Zwischen Menschen – Line Madsen Simenstad: Königin-Maud-Land ist geheim

Es ist ein schmaler Band von gerade mal 120 Seiten, den der Mare Verlag da passend zum Auftritt des Gastlands Norwegen auf der Frankfurter Buchmesse herausgegeben hat. Fünf Geschichten der 1985 geborenen Norwegerin Line Madsen Simenstad sind dort versammelt, die meisten nur etwa 20 Seiten lang. Die dritte Story „Königin-Maud-Land ist geheim“ steht im Zentrum des Bands und ist mit ca. 50 Seiten die längste.

In ihr lernen wir eine Mutter und ihren kleinen Sohn kennen. Sie schirmt ihn ab und vermeidet den Kontakt zur Außenwelt und versucht, so etwas wie eine Parallelwelt zu schaffen, die sie „Königin-Maud-Land“ nennt. Ihrem Sohn sagt sie, dass dieses Land geheim bleiben müsse. Nach innen versucht sie, ihm Geborgenheit zu geben, doch eigentlich ist es wohl sie, die Hilfe braucht. Kontaktversuche von außen blockt sie vehement ab.

In „Über die Liebe“, der ersten Geschichte, lernen wir zwei Schwestern kennen, die über die Liebe sprechen. Die Ältere weiht die Jüngere in ihre Gedanken ein, doch bald wird sie fortgehen, die Jüngere zurückbleiben. „Roter Riese“ erzählt von einem Vater, der im Sterben liegt und von seiner Tochter bzw. der ganzen Familie, die ein bisschen so tut, als sei das, was geschieht, nichts weiter als eine lästige Krankheit, durch die man eben durch muss.

Am besten gefallen haben mir die vierte und die fünfte Story: In „Die Tschernobyltiere“ geht es abermals um eine Vater-Tochter-Beziehung.
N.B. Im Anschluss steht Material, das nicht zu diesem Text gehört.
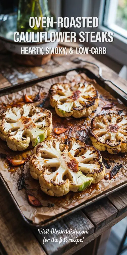 These Oven-Roasted Cauliflower Steaks showcase how a humble vegetable can transform into a show‑stopping, low‑carb centerpiece. With simple ingredients and a hot oven, you’ll achieve restaurant‑quality texture and flavor in under an hour. Ready to elevate your plant‑forward cooking? Visit BlessedDish.com for more creative, health‑focused recipes. If you try these steaks, please leave a ★★★★★ review below, share your photos on Instagram with #BlessedDish, and subscribe for weekly culinary inspiration delivered straight to your inbox. Enjoy every smoky, savory bite!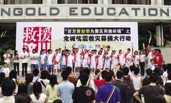 昨日下午2時,由新快報、廣州電臺FM102.7、南方電視臺、新浪網(wǎng)四大媒體攜手廣東省慈善總會,在正佳廣場西北門和廣東新快報社主樓前(天河路533號僑鑫教育大院)兩大主場,舉辦“祈福同胞,愛心飛揚(yáng)———百萬黃絲帶為震區(qū)同胞祈福之全城抗震救災(zāi)募捐大行動”;顒舆在廣州崗頂好又多、天河城、江南西-廣百新一城、天河購書中心-維多利亞廣場、正佳廣場、友誼商店-世貿(mào)、荔灣廣場南門-上下九、中華廣場-流行前線、北京路-廣百、新光廣場-康王路、越富大廈等11個繁華地段設(shè)50個流動募捐點(diǎn),廣州青年志愿者協(xié)會還派出超過300名志愿者。

Beide leben mit der Lebensgefährtin des Vaters und dessen Sohn in einem Haus, es ist Silvester, der Vater bricht auf, um Böller zu kaufen, seine Freundin ist verärgert, weil er nicht pünktlich zurückkommt. Angestaute Wut kommt hoch, die Situation droht zu eskalieren. Die Tochter führt zum ersten und womöglich einzigen Mal ein Gespräch mit ihrem Stiefbruder, bevor sich zeigen wird, ob es für die Familie eine Zukunft gibt.

In „Mein Beileid“ steht wiederum eine junge Frau im Mittelpunkt, die sich einem Taxifahrer anvertraut. Ihr Freund hat sich nach einem Trauerfall von ihr getrennt, hat ihr die Möglichkeit verwehrt, sich in diesen schweren Tagen um ihn zu kümmern. Wie soll sie damit umgehen?

Alle Geschichten in Line Madsen Simenstads Buch sind kurze Ausschnitte, Momentaufnahmen im Leben der meist jungen Frauen, um die es geht und zeigen einschneidende Ereignisse in ihrem Leben. Sie sind in einfacher Sprache verfasst, hier werden nicht viele Worte gemacht, alles wirkt erst einmal nüchtern und etwas distanziert, während es unter der Oberfläche brodelt.

Fast immer wollte ich weiterlesen, besonders die beiden Storys, die mir am besten gefallen haben, wollte wissen, was in der Silvesternacht mit Tochter und Vater und dem Streit um die Böller geschieht, wollte dabei sein, wenn die Taxifahrt der Verlassenen beendet ist. Für mich ein Zeichen, dass es der Autorin gelingt, auf kleinstem Raum einen Kosmos zu schaffen, ihre Leser mit wenigen Worten, mit reduzierten Mitteln, zu fesseln, so dass man das Gefühl hat, man habe eine längere Erzählung, vielleicht sogar einen Roman gelesen. Es sind Geschichten um menschliche Beziehungen, darum, wie sie miteinander umgehen, was sie einander sein wollen oder können. Geschichten, die nur einen Ausschnitt zeigen, in denen aber viel mitschwingt. Ein schmaler Band mit kurzen Einblicken, klein, aber fein.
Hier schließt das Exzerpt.